» WORK INSTRUCTION
Up to and including the line with "使用 SourceGraph 阅读代码的就像下面这样,同样是树形结构展示代码,但是我个人感觉没有", write out the listing from its first line, minus the pictures.

» RECORDS FOR THIS TASK
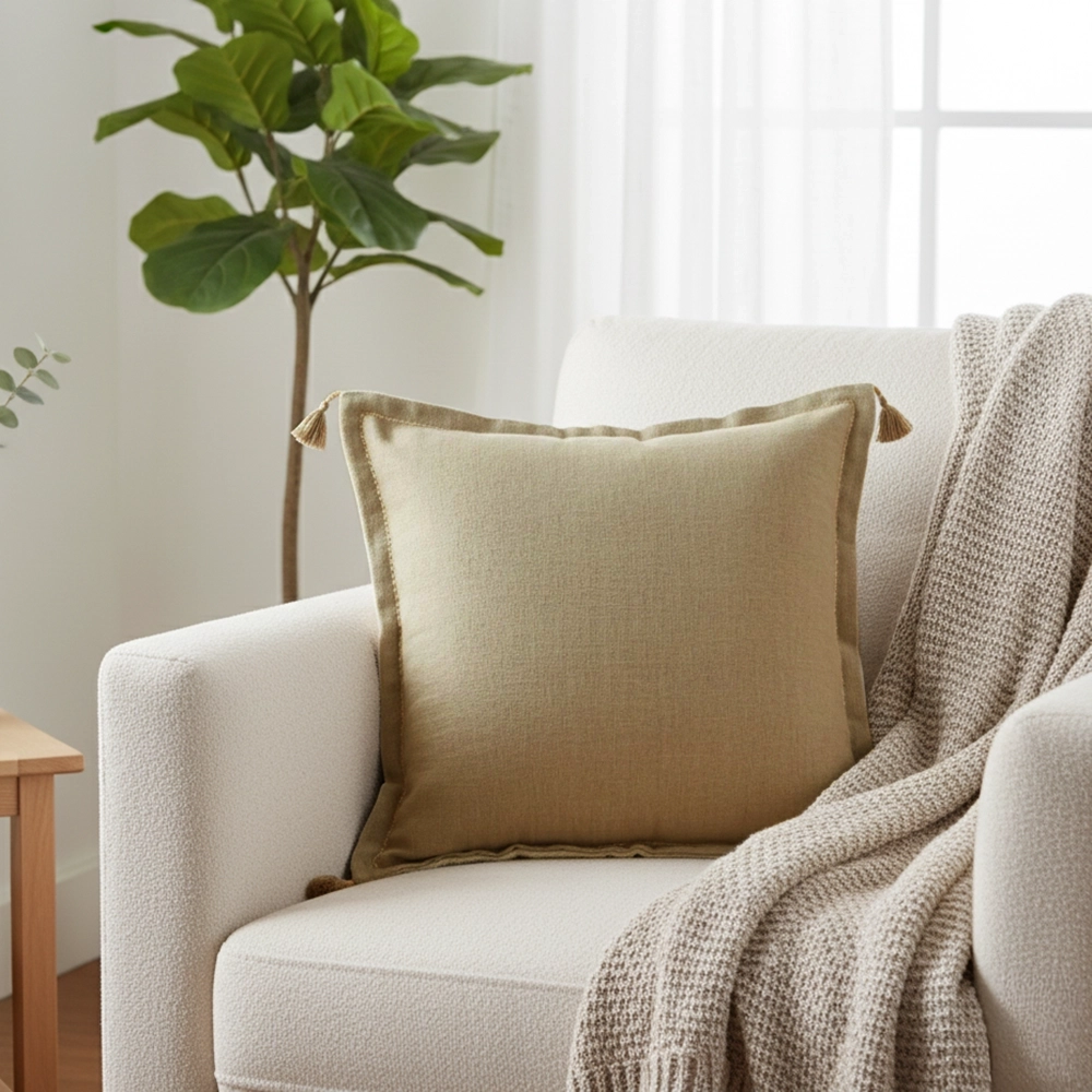 Add a subtle touch of sophistication to your space with the Calm Cushion, featuring a soft textured fabric in warm beige with tassel details at each corner. Its minimal design and refined finish make it a versatile accent, perfect for layering on neutral sofas or adding gentle warmth to modern interiors.
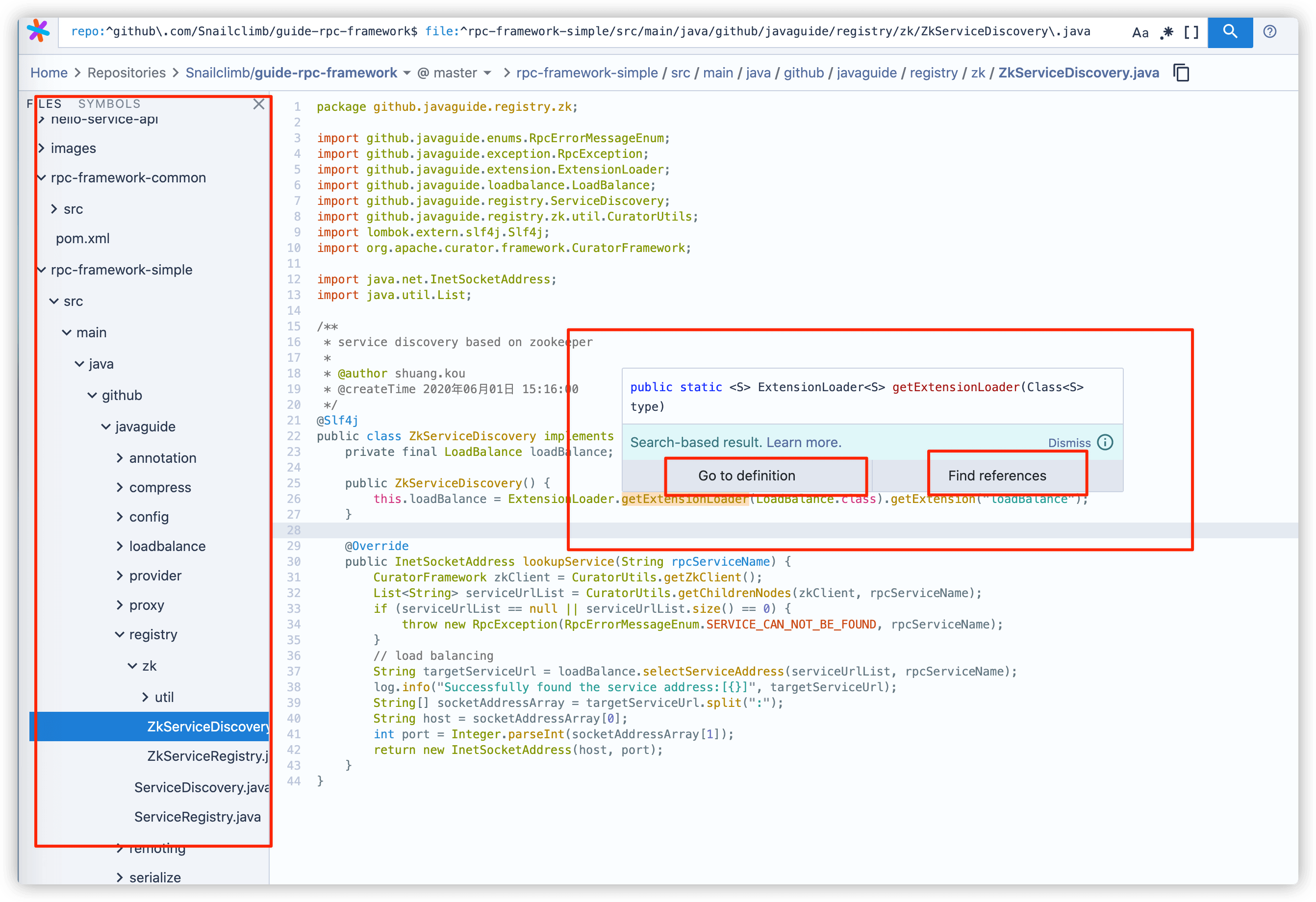 使用 SourceGraph 阅读代码的就像下面这样,同样是树形结构展示代码,但是我个人感觉没有 Octotree 的手感舒服。不过,SourceGraph 内置了很多插件,而且还支持类之间的跳转!
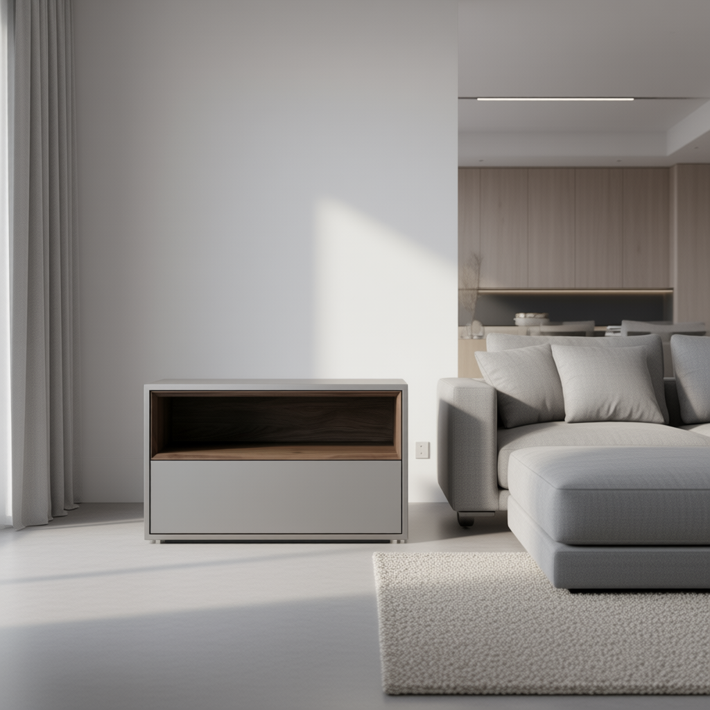 Embrace understated elegance with our Contemporary Minimalist Side Table. Crafted from high-quality 19mm (3/4″) MDF, this side table features a sleek, clean design perfect for modern living spaces. The push-to-open mechanism provides a seamless, handleless aesthetic, while the spacious interior offers convenient storage. Its robust construction ensures lasting durability. Dimensions: Length 80cm, Depth 40cm, Height 75cm.
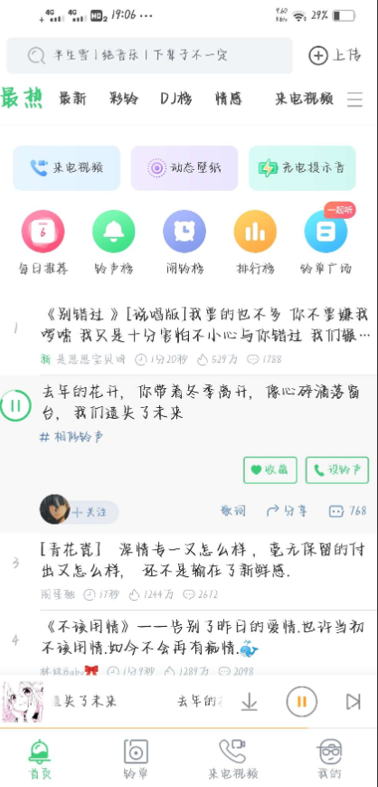 火热铃声实时更新,把握时尚风向标,网罗分享量超高的铃声,汇总个性又流行的彩铃(炫铃)……
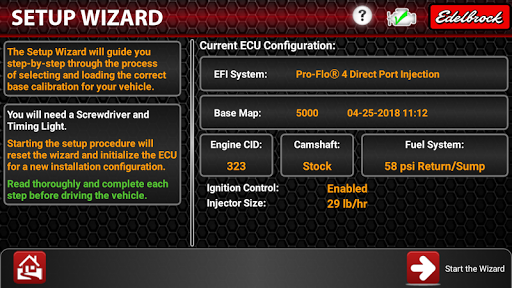 The E Tuner 4 Setup Wizard simplifies your Pro Flo 4 EFI setup by assisting you with selecting the proper base calibration for your specific application. All you need to know is the engine displacement (CID) and camshaft, and kit specifications, and you’re good to go!

» RESULT FOR THIS EXERCISE
 Add a subtle touch of sophistication to your space with the Calm Cushion, featuring a soft textured fabric in warm beige with tassel details at each corner. Its minimal design and refined finish make it a versatile accent, perfect for layering on neutral sofas or adding gentle warmth to modern interiors.
 使用 SourceGraph 阅读代码的就像下面这样,同样是树形结构展示代码,但是我个人感觉没有 Octotree 的手感舒服。不过,SourceGraph 内置了很多插件,而且还支持类之间的跳转!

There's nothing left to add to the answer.